** Recorded data follows **

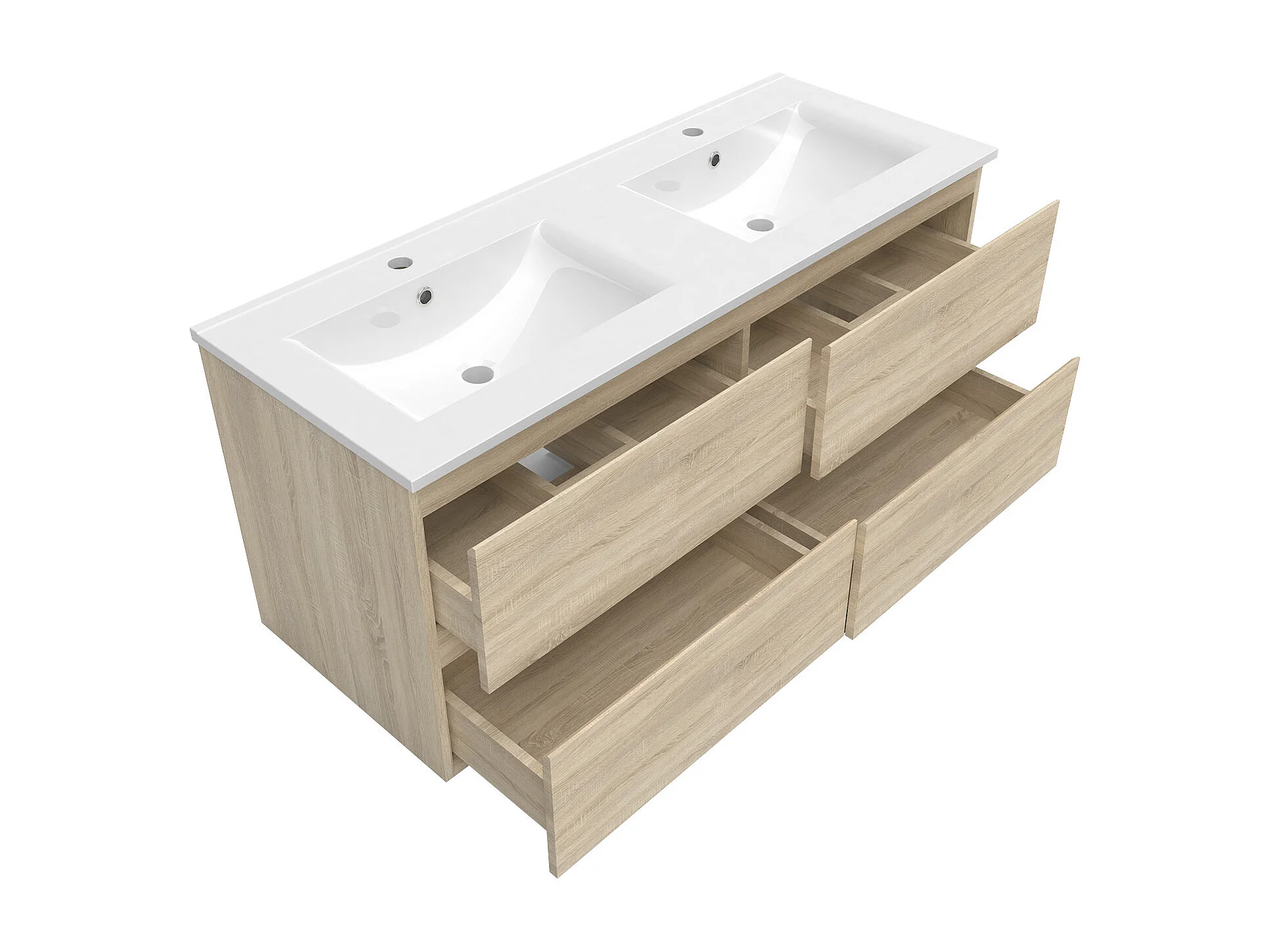 Ensemble meuble vasque L.120cm 2 tiroirs + lavabo + colonne + miroir rond 60cm,chêne
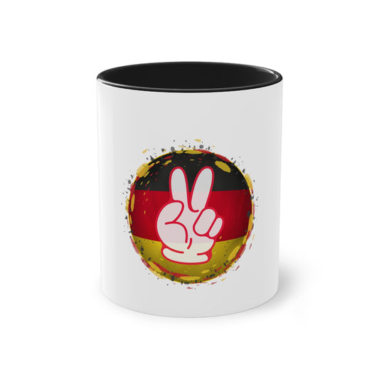 Peace für Deutschland auf Kaffeetassen, Teetassen bedruckt; weißer Außenbereich mit mehrfarbigem Innenbereich und Henkel, große; 11 Unzen
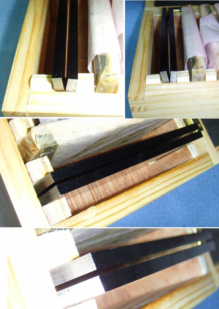 I was at a big cam grinding facility in Italy, they were doing me a favour by grinding chrome plated steel disc around 400 mm in diameter flat (by gluing it down, not pulling it down flat on magnets as it had been made) - and to check it was really flat, my mate took one of their parallels, licked it, and put it on the surface . . . it stuck . . he pronounced it flat . . . cue a mix of Italian puzzlement, horror and shock from surrounding people, from the main man down!Slip thin oiled card between the steels to stop them rattling around and prevent them " Ringing " ( sticking together ) ? We were not allowed to handle our parallels with bare hands because the acid on our hand would burn the precision grinding and make them useless .
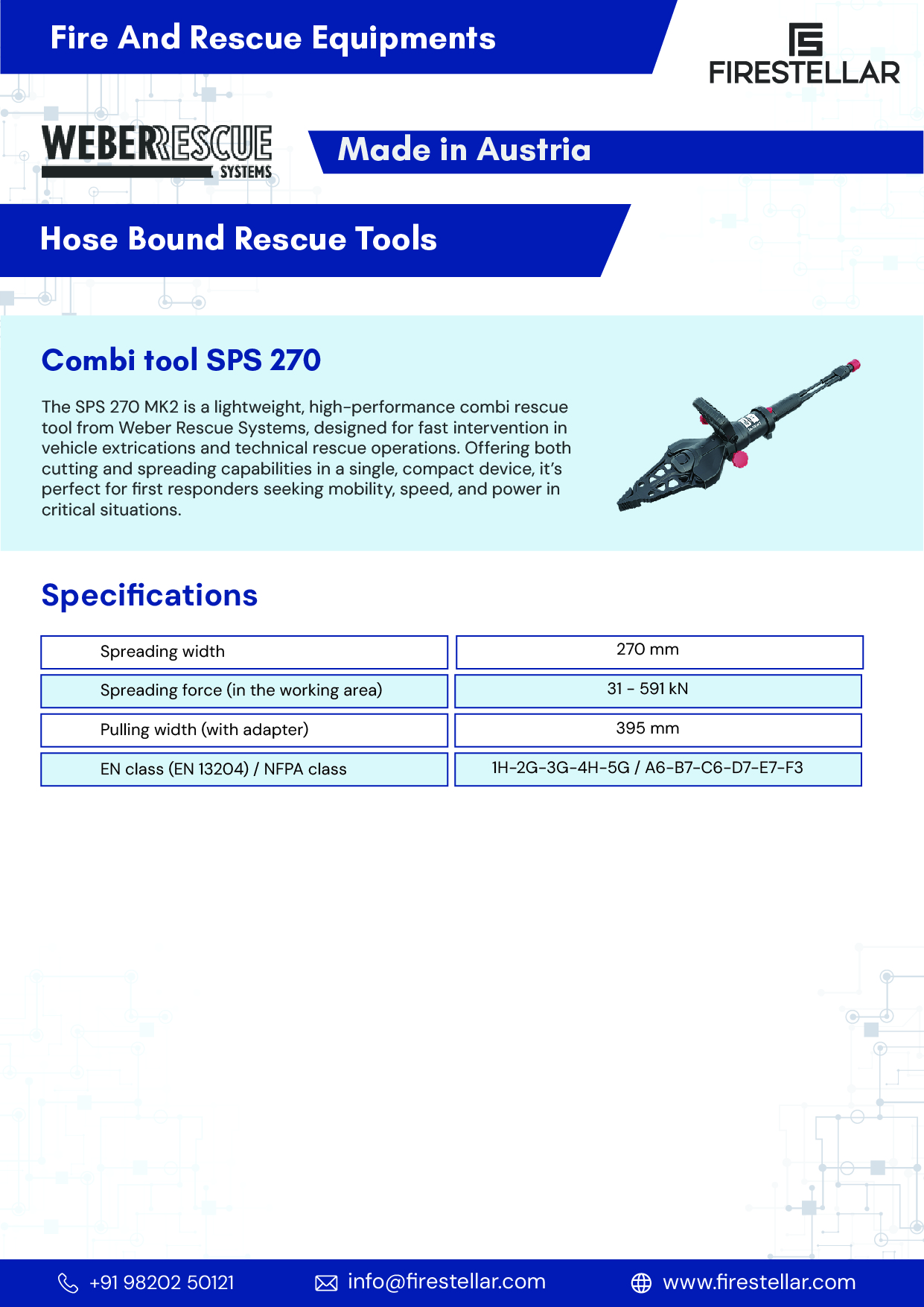 The SPS 270 MK2 is a lightweight, high-performance combi rescue tool from Weber Rescue Systems, designed for fast intervention in vehicle extrications and technical rescue operations. Offering both cutting and spreading capabilities in a single, compact device, it’s perfect for first responders seeking mobility, speed, and power in critical situations.

** End of Recorded data **

The expected output is the exact run of lines from the one containing "I was at a big" through the final line of the data above, both ends included, with no pictures.

> **Solution**:
 I was at a big cam grinding facility in Italy, they were doing me a favour by grinding chrome plated steel disc around 400 mm in diameter flat (by gluing it down, not pulling it down flat on magnets as it had been made) - and to check it was really flat, my mate took one of their parallels, licked it, and put it on the surface . . . it stuck . . he pronounced it flat . . . cue a mix of Italian puzzlement, horror and shock from surrounding people, from the main man down!Slip thin oiled card between the steels to stop them rattling around and prevent them " Ringing " ( sticking together ) ? We were not allowed to handle our parallels with bare hands because the acid on our hand would burn the precision grinding and make them useless .
 The SPS 270 MK2 is a lightweight, high-performance combi rescue tool from Weber Rescue Systems, designed for fast intervention in vehicle extrications and technical rescue operations. Offering both cutting and spreading capabilities in a single, compact device, it’s perfect for first responders seeking mobility, speed, and power in critical situations.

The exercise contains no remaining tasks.